Jungpoeten machen das Maul auf

Poetry Slam begeistert mit pointierten Geschichten aus dem Leben

Gestenreich und wortgewaltig: Der Bochumer Jason Bartsch setzt sich beim Poetry Slam im Schloss Brake gegen fünf Jungpoeten durch.

Lemgo. Wortgewaltig ging es zu beim Poetry Slam „Mach’s Maul auf“ im Innenhof von Schloss Brake. Sechs junge Poeten lieferten sich mit ihren Texten über Gott und die Welt, gesellschaftliche Entwicklungen und den Mikrokosmos des eigenen Lebens spannende Duelle.

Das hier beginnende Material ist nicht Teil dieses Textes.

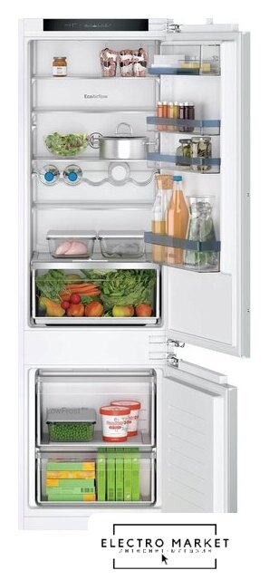 встраиваемый, скользящие направляющие, полный No Frost, электронное управление, полезный объём: 267 л (193 + 74 л), инверторный компрессор, зона свежести, перенавешиваемые двери, полка для вина, лоток для яиц, 54x55x177.5 см, белый

Am Ende setzte sich Jason Bartsch aus Bochum durch.


Ein Poetry Slam ist ein Vortragswettbewerb, in dem die Teilnehmer in einer begrenzten Zeit selbstverfasste Texte vortragen und anschließend mit einer Applaus- oder Punktewertung durch das Publikum beurteilt werden. Unter dem Motto „Mach’s Maul auf“ – laut Horst-Dieter Mellies ein original Luther-Zitat – findet    in diesem Jahr in vielen Landeskirchen ein Poetry Slam zum Reformationsjubiläum statt. Als Landespfarrer für Bildungsarbeit der Lippischen Landeskirche war Mellies einer der Mitveranstalter in Lemgo; Kooperationspartner waren das Ev. Erwachsenenbildungswerk Westfalen und Lippe, der Ev. Bund Westfalen und Lippe, das Weserrenaissance-Museum Schloss Brake, der Landesverband Lippe, die Agentur LUUPS/Science-slam.com und „WortLautRuhr“.

Unter der Moderation des Poetry-Slam-Meisters Marc-Oliver „Katze“ Schuster standen sich die sechs Teilnehmer im K.O.-System gegenüber. Berit Kruse stellte bei ihren Beobachtungen zur „Welt in Klein und Groß“ nachdenklich fest: „Warum weint man, wenn man sich von einem Freund trennt, aber nicht, wenn 1200 Kilometer entfernt ein Krieg brennt?“ Es war dann aber der Kölner Sulaiman Masomi, der sich in diesem Duell knapp durchsetzte. Zynisch spielte der „Selbstwortattentäter“ den oft beschworenen „Untergang des Abendlandes“ durch. Die Islamisierung habe zu einer „Allahgie“ geführt, auch er müsse „den Sprengstoffgürtel enger schnallen“. Im Finale bewies Masomi mit seiner Inszenierung des „Hohen Rats der Sprache“ erneut Einfallsreichtum: Da unterstellte der Euphemismus der Hyperbel die Untertreibung und verharmloste den im Rollstuhl sitzenden Genitiv als Kollateralschaden des Dativs, während ihn die rhetorische Frage fragte, ob er den Sachverhalt beschönige – Platz 2 in der Endabstimmung.

Die Begegnung des Bochumers Yannick Steinkellner mit der „Dame hinter dem Computer“ blieb derweil chancenlos gegen die aberwitzigen Gedanken des ursprünglich auf einer nicht näher definierten Nordseeinsel geborenen Wahl-Paderborners Jörn Matjes zur Kunst des Lügens, denen er im Finale eine Liebeserklärung mit überraschender Wendung folgen ließ: wie sich herausstellte, galten lyrische Glanzpunkte wie „Du bist alle Hauptrollen im Film, der alle Oscars gewinnt, ich bin der Statist in der Szene, die es nicht durch den Schnitt schafft“ einer Katze.

Im dritten Duell erklärte der ehemalige Lemgoer und jetzige Hildesheimer Martin Frank mit Hilfe eines Alter Ego als Biber „Hummelsberger“, warum es vorkomme, dass er bisweilen verschiedenfarbige Socken trage. Die für seine kleinen Neffen und Nichten gedachte Erzählung funktionierte auch beim erwachsenen Publikum – gegen den späteren Sieger Jason Bartsch reichte es jedoch nicht. Sowohl mit der die Traumata seiner Kindheit und Jugend verarbeitenden Abhandlung „Im Kleinen fängt es an, im Großen hört es auf“ als auch in der Auseinandersetzung mit der Redewendung „Fünfe grade sein lassen“ im Finale gefiel der Bochumer mit brillantem Wortwitz, der zudem mit Gesellschaftskritik gepaart war.